In a tour of the harbour with other fisheries experts, he pointed out thriving man-made wetlands on Toronto Island where herons waded and red-winged blackbirds chucked among the rushes and cottonwoods. Back at the pier, he showed off big pike, bass and bowfin, just pulled from the Outer Harbour. A fisheries crew was fitting them with electronic tags to trace their movements.
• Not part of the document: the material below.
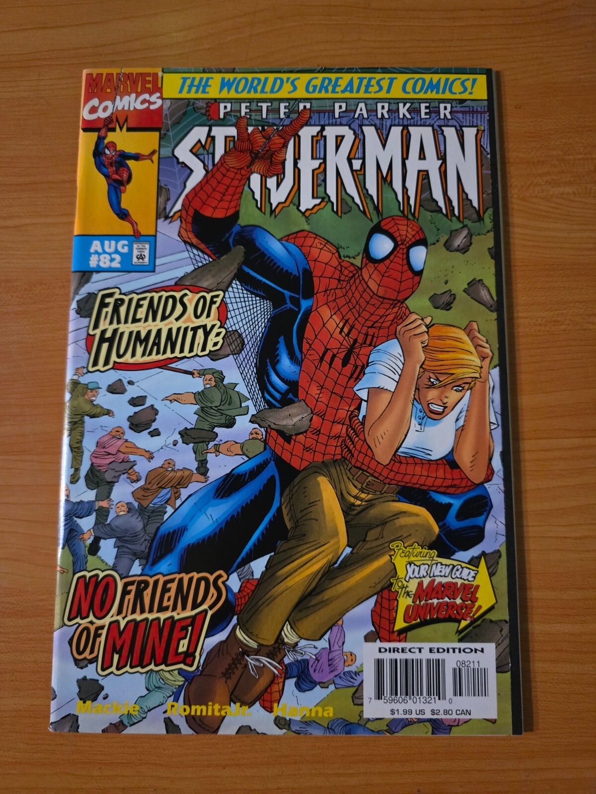 Item DescriptionSpider-Man #82 Direct Market EditionPublisher: Marvel ComicsPublished: 1997Item Grade/ConditionGrade: NEAR MINTFor more information about this grade and other grades, please see our grading standards.~ WE TAKE HIGH DEFINITION PICTURES OF OUR COMICS ~ For more detail use the ZOOM Function and check them out yourself! ~Shipping Info:United States: Comic Book & Magazine Orders of all sizes, big and small ship for a flat Single Shipping ChargeInternational: We use Calculated Shipping! ~ This insures that you get the LOWEST POSSIBLE COST! ~ Please give us one business day to calculate large orders! The Calculator for Hip is pretty bad for international, contact us if you are looking to order multiple books so we can help you make it work on the back end! As a courtesy to our customers, we insure all orders over 50$ US ~ YOU DONT PAY EXTRA!Delivery TimeWe process and ship all orders within 1 business days. Once shipped, estimated U.S. transit time is 2-10 business days; international 14-21 business days.(Orders placed on Friday afternoon as well as weekends will be shipped the next business day as we do not ship on the weekends).PackingOmnomax Traders has mastered packing to ensure our orders of a "damage-free transport."Using the following methods, we have seen a nearly perfect 99% success rate for undamaged comics!Here is how our orders ship:All Orders :Bagged AND Boarded, ALWAYS NO EXCEPTIONS!Shipped in a Gemini Comic Mailer OR Tightly secured between 4x stiff pieces of corrugated cardboard (double Sandwiched)Sealed on all 4 sides with strong packing tape (Items doesn't even wiggle).:*Now this method is nearly perfect! however we have seen damage happen to items ( only once or twice a year ) ~ this is often due to bad handling by the postal service. Always remember to contact us if this happens! we are committed to quality service!*Offers History

Fish surveys show that panfish, yellow perch, largemouth bass and smallmouth bass are increasing, while the white sucker, which is tolerant of poor water quality, is on the decline as the water gets cleaner and other species move in. Smaller fish like the emerald shiner are also on the rise, providing good eating for the bigger species. Still further down the food chain, studies show a comeback of the so-called “benthic community” of bottom-dwelling worms, bugs and other organisms that fish feed on.
Toronto’s environmental comeback still has a long way to go. Storms like the big one last month still flush sewage from old-fashioned combined sewers into the lake. Road salt and motor oil still flow from the drains into the rivers and creeks. Levels of ground-level ozone, a component of smog that forms when volatile organic compounds and nitrogen oxides react in sunlight, are actually up five per cent in the last decade. Scientists are concerned about a puzzling resurgence of phosphorous in parts of the Great Lakes.
But the city has come a long way since the days a century back when, according to the City of Toronto’s website, “water in Toronto Bay was a cesspool of city runoff, industrial pollution and human waste.” Despite everything you hear about the fouling of the global environment, in our little corner of the globe, at least, things are getting decidedly better.
I bought a casting rod and big shiny lure for this article. I’m going back to the waterfront for one of those pike.